Comment by nonameiguess

2 years ago

I have no idea if the author is aware, but it's worth noting why a Markov chain has the name and what the difference is from other probabilistic models. The Markov property states that the probability distribution of the next state in some system depends only upon the current state.

Obviously, language does not have this property and this has been known from the start, but Markov models are extremely computationally tractable, easy to implement, and easy to understand, while doing a good enough job. Introducing recursion and recurrent layers into multilayer neural architectures allowed explicit modeling of variable-length past context for the current state, which is a more accurate representation of how language works, but these were quite expensive to train. Transformer models introduced the attention mechanism to simulate recurrence without explicitly encoding it, reducing the training cost to make it tractable to train equivalently capable models with larger parameter sets on larger training sets, giving us the large language model.

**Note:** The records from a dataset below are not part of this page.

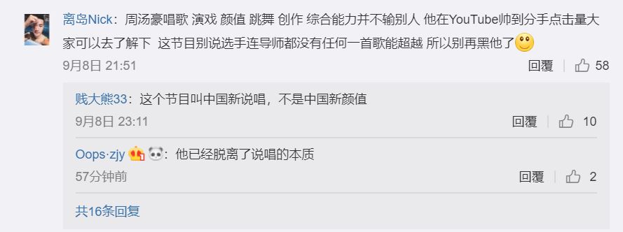 對此,網友評價兩極,有人支持認為歌曲好聽最重要,也有人堅持中國新說唱的宗旨就是以「歌詞」為本,並表示「他(周湯豪)已經脫離了說唱本質」、「這不是中國新顏值」。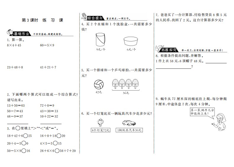 当前位置: 首页小学资源小学三年级正文 三年级数学上册1.3练习课·(北师大版)_共2页 小学三年级 1 周前 0 0 5 以上为部分内容预览,如需源文档请登录您的会员账号进行下载! 声明:本站所有文章,如无特殊说明或标注,均为本站原创发布。任何个人或组织,在未征得本站同意时,禁止复制、盗用、采集、发布本站内容到任何网站、书籍等各类媒体平台。如若本站内容侵犯了原著者的合法权益,可联系我们进行处理。 尚学资源永久会员 打赏 收藏 海报 链接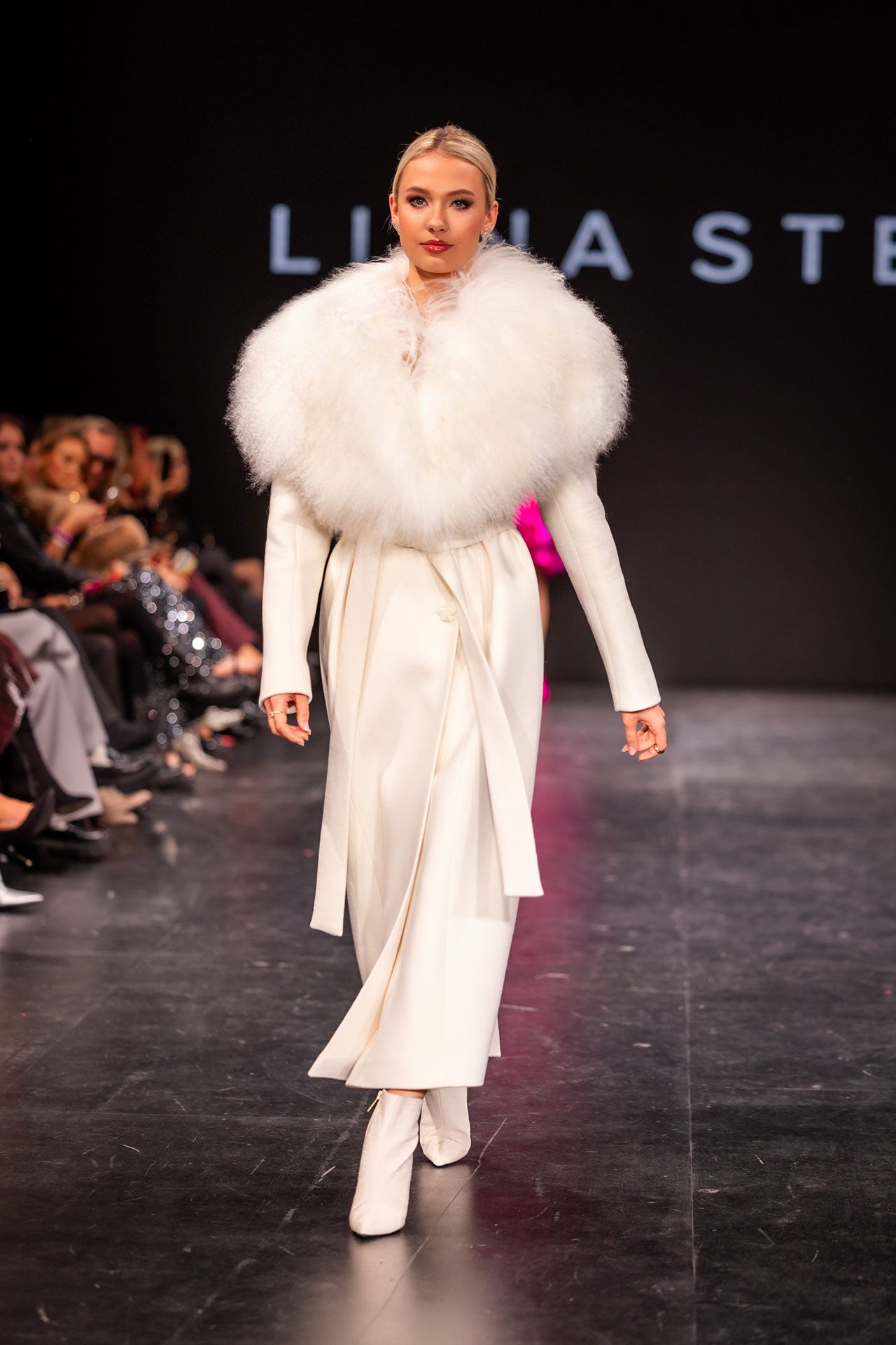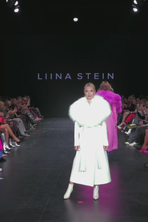 Warm and stylish white cashmere coat with a collar embellishment. The collar embellishment is easily removable, and the coat can also be worn without it. The coat features a tie-up wool belt.

This ability to explicitly capture variable-length context lookback is what makes things like few-shot and one-shot learning possible. The probability distribution is effectively self-modifying at inference time. It's not quite like an animal brain. There is no true plasticity with the strict separation between training and inference, but it gets a lot closer than a Markov model.

You can see in a lot of the comments here about use cases people had for Markov models where they shine. If you're making a bot intended to model one specific topical forum on a single web site, context variance is reduced compared to trying to converse with and understand arbitrary people in arbitrary situations. You're able to capture the relevant context based on how you select your training data. In contrast, current LLMs allow you to train on all text you can find anywhere and the model will perform well in any context.

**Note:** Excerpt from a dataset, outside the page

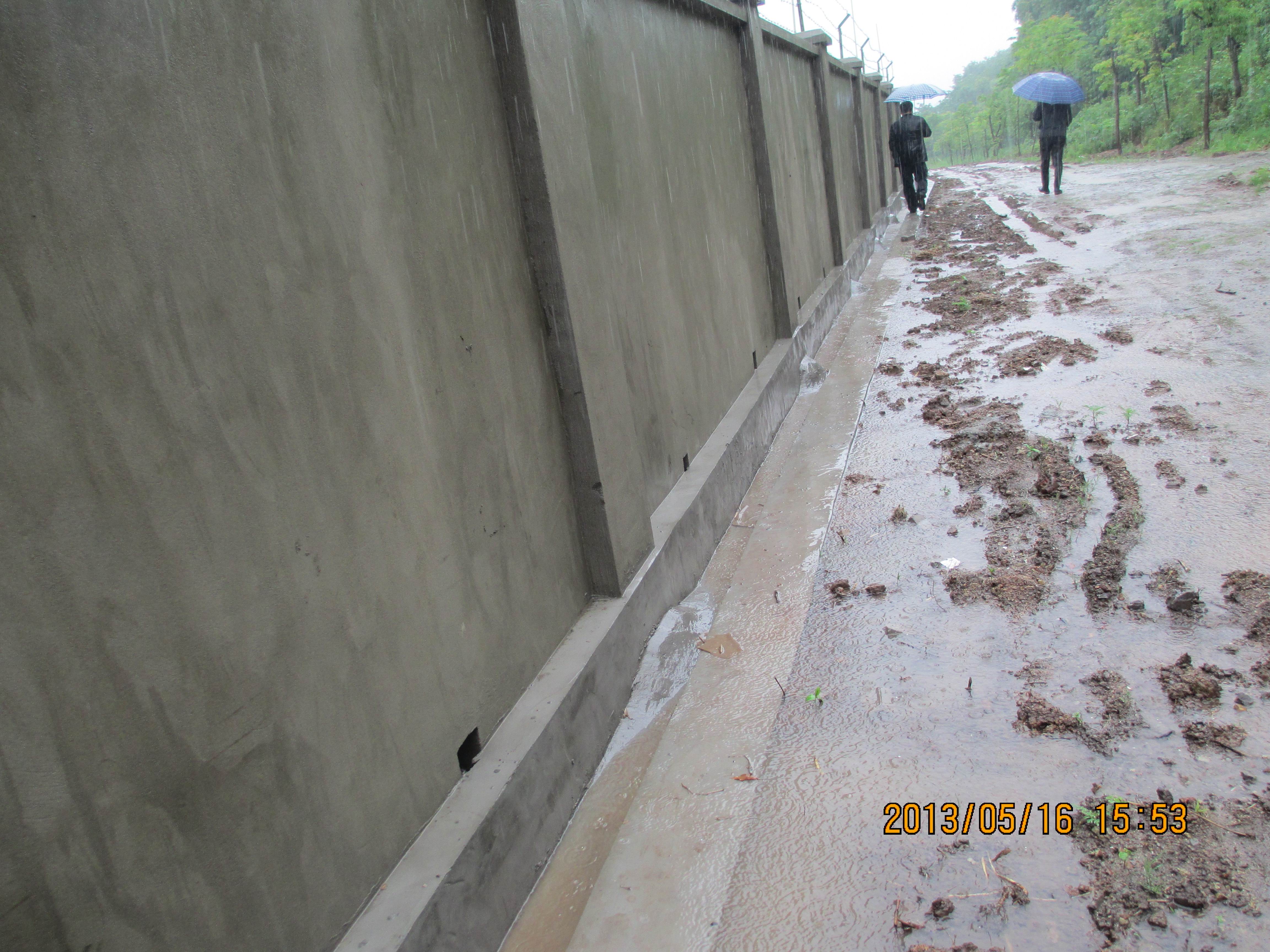 (图为露营地围墙外侧,利用外侧排水沟,有组织收集龙山山洪)

I've seen Markov models mentioned a lot in these context, and my generous take has always been that something like stacked Markov models is meant. At each abstraction layer, the state is conditioned only by the previous abstract concept. At the lowest level the states would be the sequence of tokens; higher up it's concepts like turn of events in a plot. I don't think this often proposed idea of hierarchy is sufficient to describe LLMs or human cognition, but it strikes at some essence about parsimony, efficient representation, and local computation.